Work request: Repeat the records. Keep every word and mark exactly as it is.

Source material START

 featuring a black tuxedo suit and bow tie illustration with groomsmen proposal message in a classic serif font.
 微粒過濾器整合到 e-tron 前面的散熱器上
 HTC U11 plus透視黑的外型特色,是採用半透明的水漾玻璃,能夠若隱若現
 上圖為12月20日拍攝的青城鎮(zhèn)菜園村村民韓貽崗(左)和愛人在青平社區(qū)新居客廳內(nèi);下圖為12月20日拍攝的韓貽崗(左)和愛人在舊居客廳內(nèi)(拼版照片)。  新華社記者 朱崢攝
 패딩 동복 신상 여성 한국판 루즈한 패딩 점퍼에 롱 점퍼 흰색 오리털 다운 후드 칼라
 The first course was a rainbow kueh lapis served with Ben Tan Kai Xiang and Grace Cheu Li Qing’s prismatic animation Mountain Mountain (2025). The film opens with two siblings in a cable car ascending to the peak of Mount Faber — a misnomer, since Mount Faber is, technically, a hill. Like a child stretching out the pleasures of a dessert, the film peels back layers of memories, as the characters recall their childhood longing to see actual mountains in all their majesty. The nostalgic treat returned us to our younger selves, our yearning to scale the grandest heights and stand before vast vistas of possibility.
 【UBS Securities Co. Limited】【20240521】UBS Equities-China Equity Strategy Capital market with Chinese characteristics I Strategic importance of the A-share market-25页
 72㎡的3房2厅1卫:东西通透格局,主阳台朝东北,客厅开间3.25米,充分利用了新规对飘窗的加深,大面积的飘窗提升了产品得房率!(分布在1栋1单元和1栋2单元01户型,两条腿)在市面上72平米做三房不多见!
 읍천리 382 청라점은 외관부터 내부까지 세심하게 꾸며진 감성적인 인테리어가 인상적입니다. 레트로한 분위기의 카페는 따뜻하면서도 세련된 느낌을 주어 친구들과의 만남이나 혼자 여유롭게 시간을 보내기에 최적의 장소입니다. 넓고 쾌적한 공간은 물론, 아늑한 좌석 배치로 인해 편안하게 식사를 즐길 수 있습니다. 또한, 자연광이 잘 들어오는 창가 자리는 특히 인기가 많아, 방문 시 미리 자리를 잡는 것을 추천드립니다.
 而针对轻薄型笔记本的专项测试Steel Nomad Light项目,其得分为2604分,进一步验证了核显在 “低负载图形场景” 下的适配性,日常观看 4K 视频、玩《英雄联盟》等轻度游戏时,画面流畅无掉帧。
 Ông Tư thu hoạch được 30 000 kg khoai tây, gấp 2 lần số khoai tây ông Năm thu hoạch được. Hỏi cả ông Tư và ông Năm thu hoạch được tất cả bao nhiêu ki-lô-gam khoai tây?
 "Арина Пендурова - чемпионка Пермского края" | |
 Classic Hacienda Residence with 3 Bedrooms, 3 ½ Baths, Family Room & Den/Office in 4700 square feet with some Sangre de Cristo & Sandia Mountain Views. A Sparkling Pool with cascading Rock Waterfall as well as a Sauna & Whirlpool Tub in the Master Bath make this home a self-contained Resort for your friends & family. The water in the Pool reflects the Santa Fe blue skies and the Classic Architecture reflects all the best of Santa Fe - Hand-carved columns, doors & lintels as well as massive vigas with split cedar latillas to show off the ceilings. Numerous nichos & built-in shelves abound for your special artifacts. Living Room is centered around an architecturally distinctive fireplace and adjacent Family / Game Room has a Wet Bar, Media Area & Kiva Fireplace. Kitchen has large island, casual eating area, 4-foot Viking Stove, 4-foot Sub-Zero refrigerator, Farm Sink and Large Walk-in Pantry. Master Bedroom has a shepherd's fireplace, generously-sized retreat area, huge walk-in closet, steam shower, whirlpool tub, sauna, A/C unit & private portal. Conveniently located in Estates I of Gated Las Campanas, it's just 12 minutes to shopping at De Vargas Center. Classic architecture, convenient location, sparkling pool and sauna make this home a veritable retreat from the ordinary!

Source material END

Exercise result:
 featuring a black tuxedo suit and bow tie illustration with groomsmen proposal message in a classic serif font.
 微粒過濾器整合到 e-tron 前面的散熱器上
 HTC U11 plus透視黑的外型特色,是採用半透明的水漾玻璃,能夠若隱若現
 上圖為12月20日拍攝的青城鎮(zhèn)菜園村村民韓貽崗(左)和愛人在青平社區(qū)新居客廳內(nèi);下圖為12月20日拍攝的韓貽崗(左)和愛人在舊居客廳內(nèi)(拼版照片)。  新華社記者 朱崢攝
 패딩 동복 신상 여성 한국판 루즈한 패딩 점퍼에 롱 점퍼 흰색 오리털 다운 후드 칼라
 The first course was a rainbow kueh lapis served with Ben Tan Kai Xiang and Grace Cheu Li Qing’s prismatic animation Mountain Mountain (2025). The film opens with two siblings in a cable car ascending to the peak of Mount Faber — a misnomer, since Mount Faber is, technically, a hill. Like a child stretching out the pleasures of a dessert, the film peels back layers of memories, as the characters recall their childhood longing to see actual mountains in all their majesty. The nostalgic treat returned us to our younger selves, our yearning to scale the grandest heights and stand before vast vistas of possibility.
 【UBS Securities Co. Limited】【20240521】UBS Equities-China Equity Strategy Capital market with Chinese characteristics I Strategic importance of the A-share market-25页
 72㎡的3房2厅1卫:东西通透格局,主阳台朝东北,客厅开间3.25米,充分利用了新规对飘窗的加深,大面积的飘窗提升了产品得房率!(分布在1栋1单元和1栋2单元01户型,两条腿)在市面上72平米做三房不多见!
 읍천리 382 청라점은 외관부터 내부까지 세심하게 꾸며진 감성적인 인테리어가 인상적입니다. 레트로한 분위기의 카페는 따뜻하면서도 세련된 느낌을 주어 친구들과의 만남이나 혼자 여유롭게 시간을 보내기에 최적의 장소입니다. 넓고 쾌적한 공간은 물론, 아늑한 좌석 배치로 인해 편안하게 식사를 즐길 수 있습니다. 또한, 자연광이 잘 들어오는 창가 자리는 특히 인기가 많아, 방문 시 미리 자리를 잡는 것을 추천드립니다.
 而针对轻薄型笔记本的专项测试Steel Nomad Light项目,其得分为2604分,进一步验证了核显在 “低负载图形场景” 下的适配性,日常观看 4K 视频、玩《英雄联盟》等轻度游戏时,画面流畅无掉帧。
 Ông Tư thu hoạch được 30 000 kg khoai tây, gấp 2 lần số khoai tây ông Năm thu hoạch được. Hỏi cả ông Tư và ông Năm thu hoạch được tất cả bao nhiêu ki-lô-gam khoai tây?
 "Арина Пендурова - чемпионка Пермского края" | |
 Classic Hacienda Residence with 3 Bedrooms, 3 ½ Baths, Family Room & Den/Office in 4700 square feet with some Sangre de Cristo & Sandia Mountain Views. A Sparkling Pool with cascading Rock Waterfall as well as a Sauna & Whirlpool Tub in the Master Bath make this home a self-contained Resort for your friends & family. The water in the Pool reflects the Santa Fe blue skies and the Classic Architecture reflects all the best of Santa Fe - Hand-carved columns, doors & lintels as well as massive vigas with split cedar latillas to show off the ceilings. Numerous nichos & built-in shelves abound for your special artifacts. Living Room is centered around an architecturally distinctive fireplace and adjacent Family / Game Room has a Wet Bar, Media Area & Kiva Fireplace. Kitchen has large island, casual eating area, 4-foot Viking Stove, 4-foot Sub-Zero refrigerator, Farm Sink and Large Walk-in Pantry. Master Bedroom has a shepherd's fireplace, generously-sized retreat area, huge walk-in closet, steam shower, whirlpool tub, sauna, A/C unit & private portal. Conveniently located in Estates I of Gated Las Campanas, it's just 12 minutes to shopping at De Vargas Center. Classic architecture, convenient location, sparkling pool and sauna make this home a veritable retreat from the ordinary!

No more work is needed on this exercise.